Sehwa ragu-ragu tetapi akhirnya membuka mulutnya. Ki Tae-jeong memasukkan pil tersebut ke dalam mulut Sehwa saat ia melihat Sehwa menjulurkan lidahnya. Lebih baik menerimanya daripada menolak dan rambutnya dijambak, memaksa mulutnya terbuka. Untungnya, rasanya mirip dengan obat yang dia minum kemarin, yang benar-benar untuk pengobatan.
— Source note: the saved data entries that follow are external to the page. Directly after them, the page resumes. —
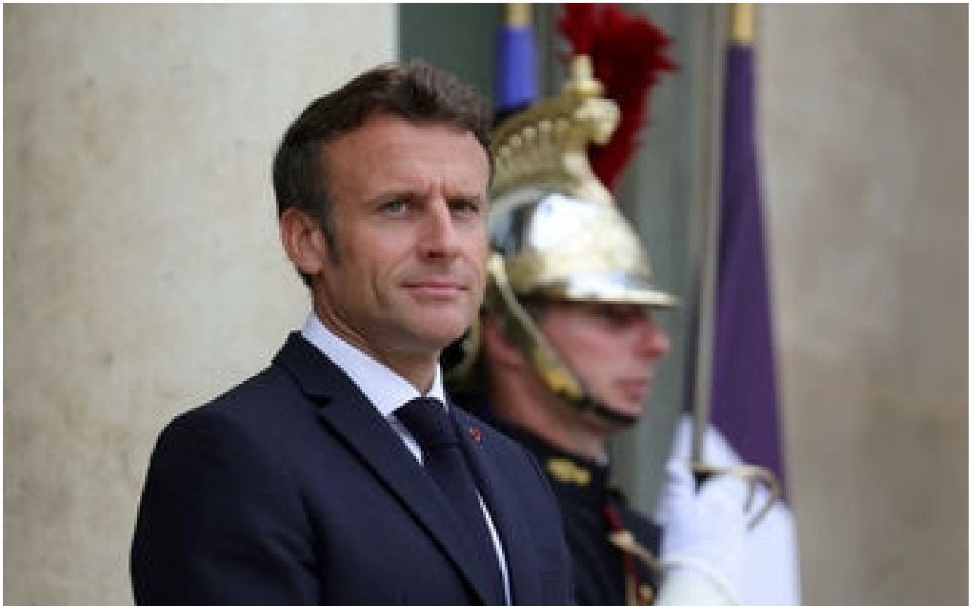
Mort d'Elizabeth II : Emmanuel Macron, Biden, Zelensky... les dirigeants rendent hommage à une «reine de cœur»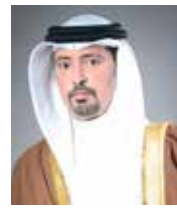
الشيخ أحمد بن حمد آل خليفة

الوزراء، وأكد أن الفوز بهذا المنصب لم يأت لو لا الدعم اللامحدود الذي توليه قيادة جلالة الملك المفدى للكفاءات المهنية المتميزة في المنظمة، وعرباً عن اعترافه بهذا الإنجاز البحريني الذي يعكس المكانة الدولية التي تتبوها البحرين بفضل ما تنطوي به المنظمة من رعاية واهتمام من وزير الداخلية الفريق أول الشيخ راشد بن عبدالله آل خليفة، منوها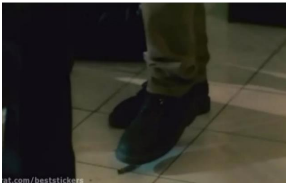
تصویر ۲۳) امتناع پیمان از قبول و کشیدن سیگار و له کردن آن در زیر پا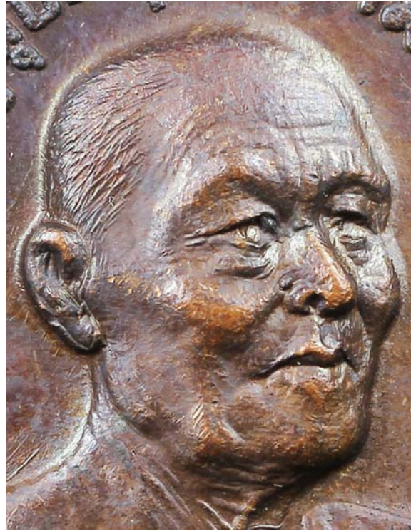
รูปถ่ายต้นแบบเหรียญพญานาค เป็นรูปถ่ายหนังข้างของหลวงพ่อ ช่างแกะแม่พิมพ์ถ่ายทอดงานออกมาได้สมจริงมาก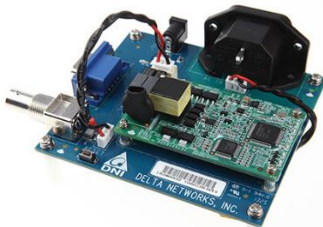
Slika 3.3. Izgled SGCM-P40

propusnost između odašiljača i prijemnika. Radna frekvencija mu je od 145,3 do 478,12. Flash memorija 512 kb, RAM memorija: 64 kb.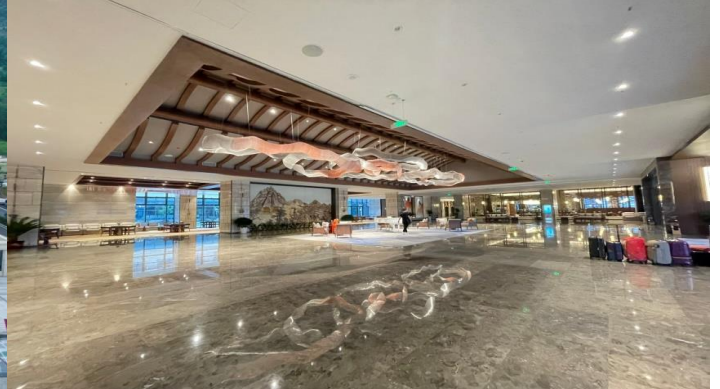
TIANSHUI: MAIJISHAN PEARL HOTEL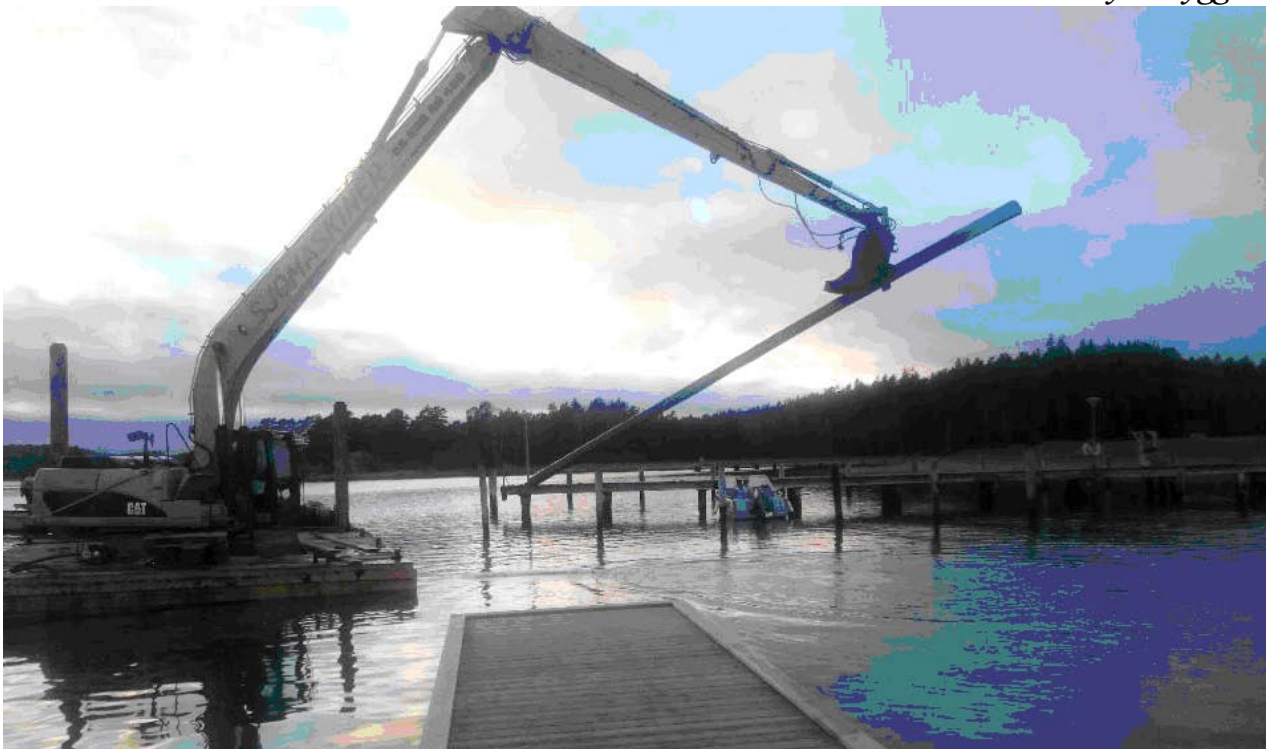
Sjömaskiner lyfter bort

"Pergilah mandi dan keluarlah."
Sehwa menundukkan kepalanya sedikit untuk menunjukkan rasa terima kasih kepada pria yang telah membuatnya kesakitan sepanjang malam, lalu membuka pintu kamar mandi. Saat itulah dia menyadari bahwa dia tidak lumpuh seperti yang dia pikirkan. Borgolnya terlepas, dan dia memiliki kebebasan untuk menggunakan tangannya. Ia tidak perlu menunggu sentuhan Ki Tae-jeong; ia dapat menelan pil itu sendiri seperti yang ia lakukan ketika ia membungkuk dan memakan pil itu.